The Queenstown backdrop is absolutely spectacular in a new murder mystery -and then there is the drama.

While a murder mystery drama is unfolding for the good folk of Queenstown in new drama series A Remarkable Place to Die, the drama of the surrounding landscape is undeniable.

The aerial shots and the vistas are truly captivating, so much so they upstage the whodunnit action led by Detective Anaís Mallory (Chelsie Preston Crayford).

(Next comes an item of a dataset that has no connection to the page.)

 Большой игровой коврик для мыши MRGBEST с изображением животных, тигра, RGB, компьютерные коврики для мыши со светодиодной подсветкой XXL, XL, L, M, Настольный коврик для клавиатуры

Anais has returned to Queenstown from Sydney to become the local lead detective. Hmm sounds familiar. There’s a frosty reception from mum Veronica (Rebecca Gibney), who says ‘darling’ a lot but doesn’t appear to mean it very much. That’s because, in between pouring herself the red wines, she holds Anais partly-responsible for the death of her other daughter, which took place some years earlier.

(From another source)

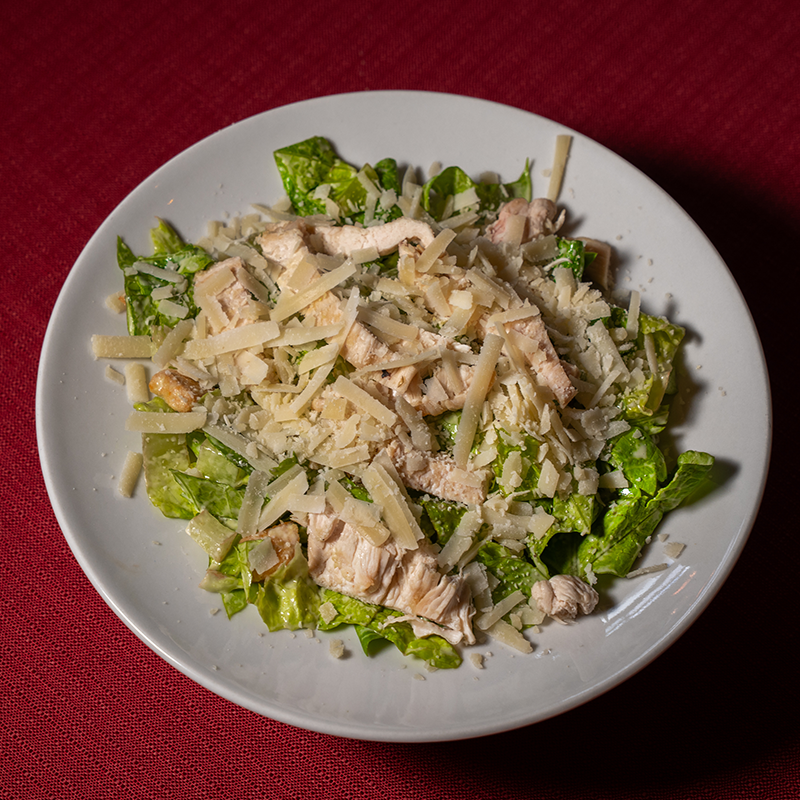 Salad with romain lettuce, diced chicken, croutons, shaved pecorino cheese and cesar dressing

Meanwhile there is a more pressing police matter to address with an SUV tumbling off a cliff with a body inside.

Local coppers Constable Jarrod Renner (Dahnu Graham) and Senior Constable Hoana Rata (Roimata Fox) have their work cut out to identify the badly damaged body but Inspector Sharon Li Feng (Lynette Forday) welcomes Anais to the team, partnering her with Detective Simon Delaney (Matt Whelan).

Investigations ensue with a range of locals including her ex Luke (Charles Jazz Terrier), who just happened to marry her best friend Maja (Indiana Evans). There’s also a wealthy importer and partner, a backpacker manager and some Brazilian food van operators.

We also meet handsome pathologist Ihaka (Alex Tarrant) who offers crucial clues and a little emotional support for our heroine when she needs it most.

Much of the extensive movie-length episodes see Anais questioning suspects, piecing together clues, and hitting obligatory dead ends. But the locations never stop, lakeside with mountain ranges at every turn. The shots, and the autumn colours, are amongst the better features of a fairly pedestrian crime mystery.

Anais also touches upon her backstory in which the death of her sister looms large. Expect this to roll out over the four episodes.

Chelsie Preston Crayford is in almost every scene, admirably carrying the load of the series, getting next to no help from her counterpart who is underwritten with no initiative. Rebecca Gibney serves as a support in a role she could phone in from mountain retreat while Dahnu Graham as a bumbling young cop is the sole comic relief.

The episodes are way too long which causes the pace of the show to drag and it might have worked better trimmed down to an hour. It’s hard not to think of Return to Paradise, in which a detective returns home to her ghosts and to solve new crimes, sticking to genre turning points, with lashings of quirky times and very little blood.

With such a magical landscape surrounding this tale, it really needed to match the setting better than this.

A Remarkable Place to Die screens 8pm Sunday on Nine.

3 Responses

  1. Queenstown (Tasmania) or Queenstown (New Zealand).

    “the drama of the surrounding landscape is undeniable” could fit either one, so which actually is it?

  2. ITV, BBC, Acorn, Alibi churn these things out all the time. This one is unoriginal but solid and less annoying than Return to Paradise, Human Error or North Shore. It was seeded by Screen NZ and Acorn, ZDF and Nine have put money in for rights. It would be a better experience streaming it on Acorn than watching it with 35m of ads on Nine.